Il primo via libera è appena arrivato, ma la “madre di tutte le riforme” è già pronta per essere modificata. Ci sono almeno un paio di paradossi nel via libera che oggi il Senato ha dato al premierato all’italiana by Giorgia Meloni. Il primo è che, nonostante sei mesi di discussione tra commissione e aula e la lunga trattativa interna alla maggioranza per cercare un punto di caduta, tutti danno per scontato che nel passaggio alla Camera saranno necessarie delle modifiche.
Il secondo è che, proprio nella giornata in cui le opposizioni scendono in piazza in dissenso, da Fratelli d’Italia si fa filtrare una volontà di considerare correzioni che possano essere lette come una apertura almeno da una parte dei partiti di minoranza. In tutto questo, a pesare ci sono le incognite sui tempi. I nodi da sciogliere sul timing sono molti tanto che nei prossimi giorni il dossier verrà affrontato direttamente dalla presidente del Consiglio.
Uno dei punti critici sui quali con ogni probabilità si metterà mano nel secondo passaggio parlamentare è quello del consenso degli italiani all’estero. Si tratta di milioni di voti che, in quanto tali, in termini percentuali possono addirittura essere decisivi per l’elezione diretta del premier. Allo stesso tempo, però, la loro rappresentanza è fissa, ovvero – dopo il taglio dei parlamentari – di 8 deputati e 4 senatori. C’è poi una questione che riguarda il modo in cui è stata scritta la norma anti-ribaltone.
Nonostante una operazione di drafting fatta durante l’esame dell’aula del Senato, infatti, mantiene dei rischi interpretativi che sono stati sollevati anche da un senatore di maggioranza come Marcello Pera. Non si tratta di cambiare il meccanismo fissato per i casi di crisi, frutto di un delicatissimo punto di equilibrio con la Lega, ma poiché quando si mette mano alla Costituzione “anche una virgola conta”, la questione potrebbe non essere meramente lessicale. Ma il vero punto politico potrebbe essere quello di un’apertura verso un riconoscimento delle minoranze, per esempio attraverso l’inserimento di uno statuto ad hoc o della figura del capo dell’opposizione. Ancora una volta, era stato Marcello Pera a presentare un emendamento in tal senso in commissione.
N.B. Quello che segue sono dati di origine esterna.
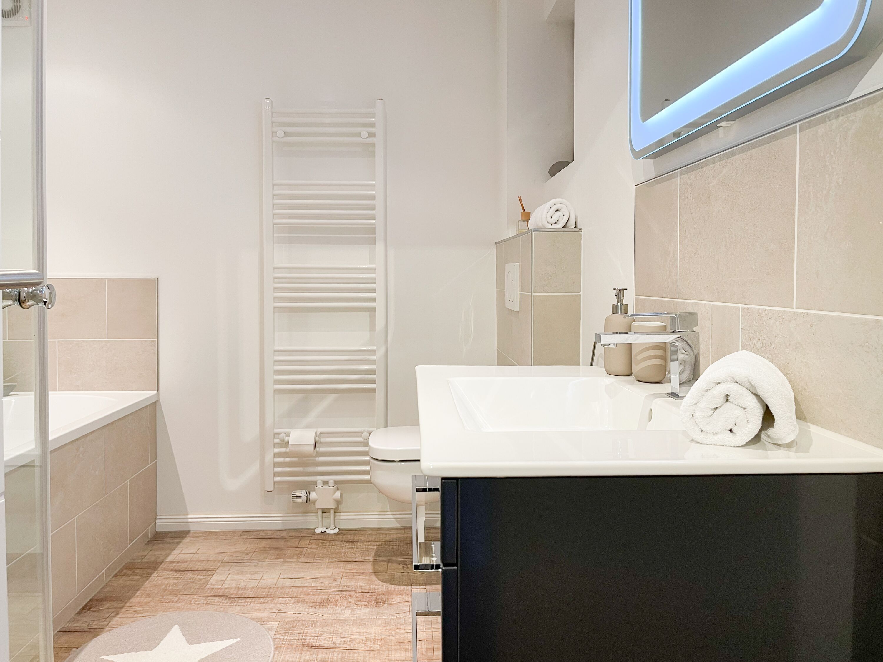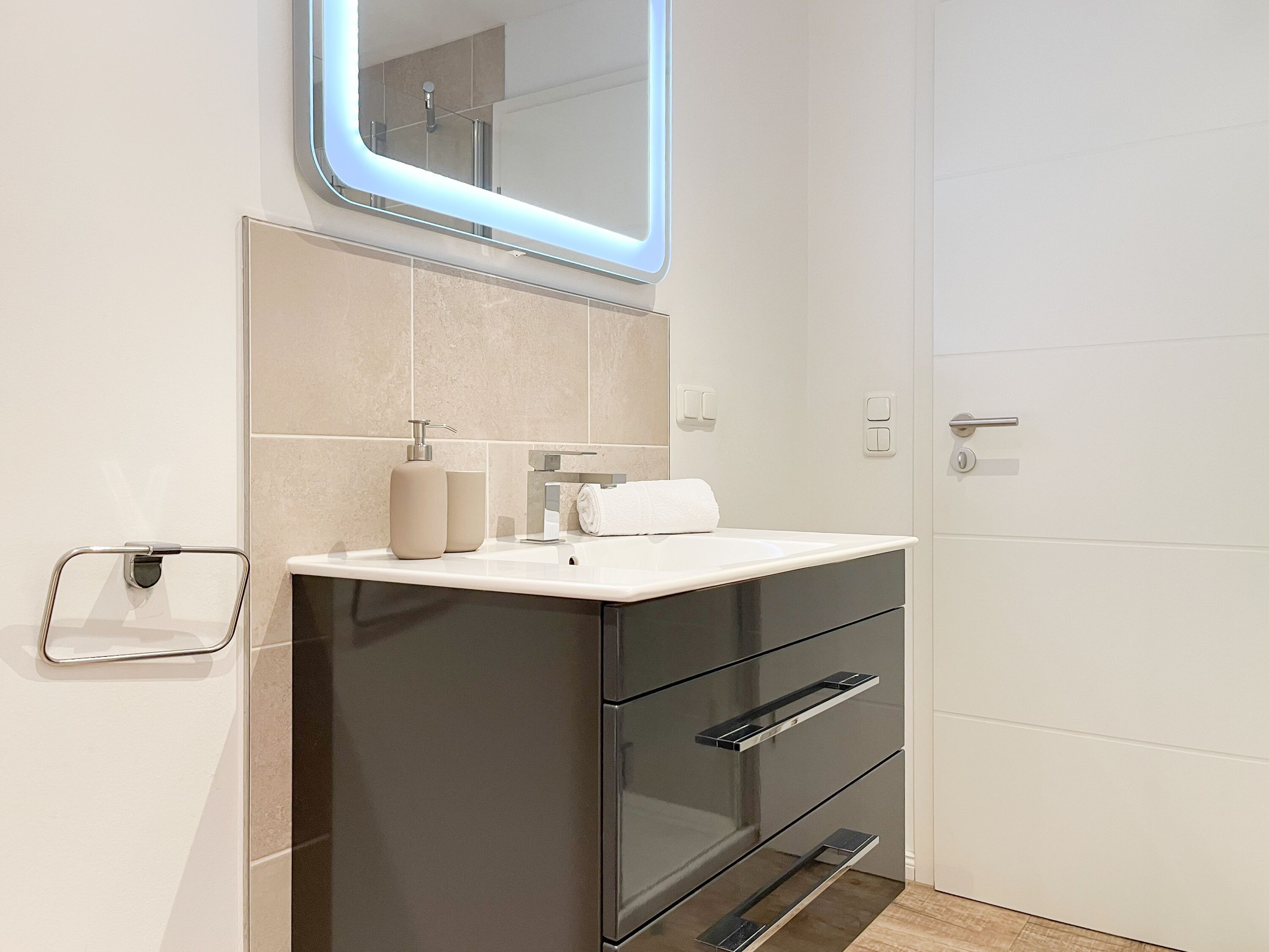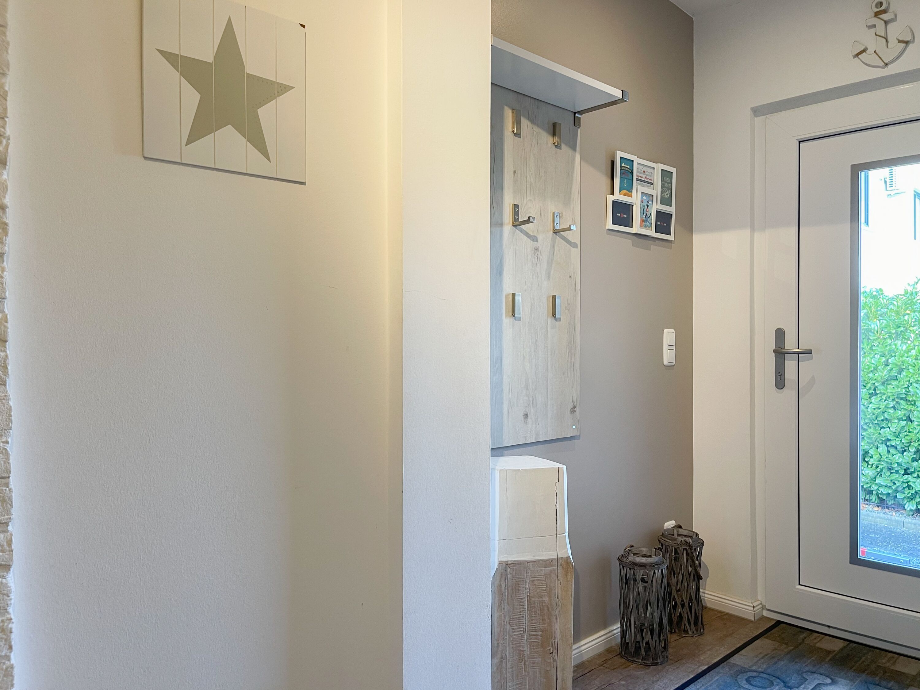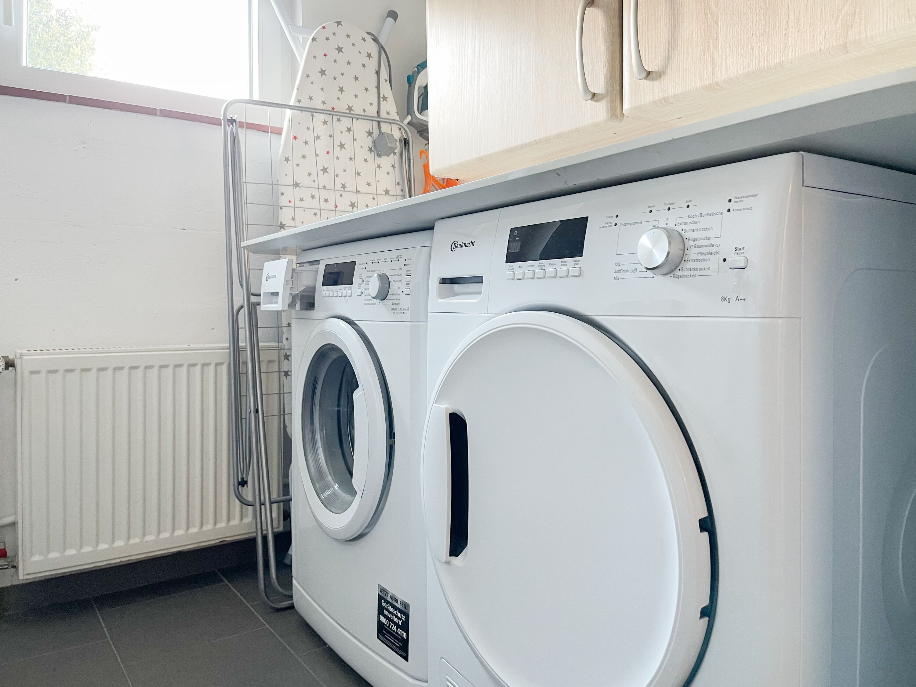 Waschmaschine und Trockner sind im Erdgeschoss untergebracht. Dort gibt es auch einem Abstellraum für Fahrräder. Pkw Stellplätze befinden sich auf dem Grundstück.

Alla fine aveva deciso di ritirarlo e di trasformarlo in un ordine del giorno per l’aula. Non è dunque escluso che si riparta da lì per cercare di tendere la mano ai partiti di opposizione, almeno ai centristi di Italia viva e Azione che, per esempio, oggi non si sono uniti alla piazza con Pd, Avs, M5s e Più Europa. Lo dice quasi esplicitamente il presidente del gruppo della Lega, Massimiliano Romeo. “Molto – spiega – dipenderà dalla disponibilità di Fratelli d’Italia” di poter “apportare miglioramenti e togliere qualche freccia all’arco delle opposizioni in vista del referendum”. Un esponente di spicco dei meloniani fa anche un altro ragionamento.
“Diciamo sempre che questa riforma non è per noi, ha senso fare ragionamenti pensando a quando non saremo più al governo”. Eventuali modifiche si portano inevitabilmente dietro un allungamento dei tempi. Ma non è l’unica incognita con cui la madre di tutte le riforme dovrà avere a che fare. Il governo ha infatti trasmesso giovedì scorso alla Camera un’altra riforma costituzionale, il ddl Nordio che contiene anche la separazione delle carriere tanto cara al partito di Antonio Tajani. La presidenza di Montecitorio dovrà decidere se assegnarlo alla prima commissione o in congiunta con la commissione Giustizia. Comunque sia, si profila un rischio ingorgo per chi siede nell’organismo parlamentare presieduto da Nazario Pagano di Forza Italia.
Per questo, nei prossimi giorni dovrà essere proprio Giorgia Meloni a decidere se le due riforma dovranno viaggiare in parallelo o se una delle due avrà la precedenza e quale. La decisione dipenderà anche da un’altra domanda: quando bisognerà tenere l’eventuale referendum e, visto che si tratta di due riforme costituzionali, può essere più utile che vengano celebrati insieme o meglio in tempi diversi?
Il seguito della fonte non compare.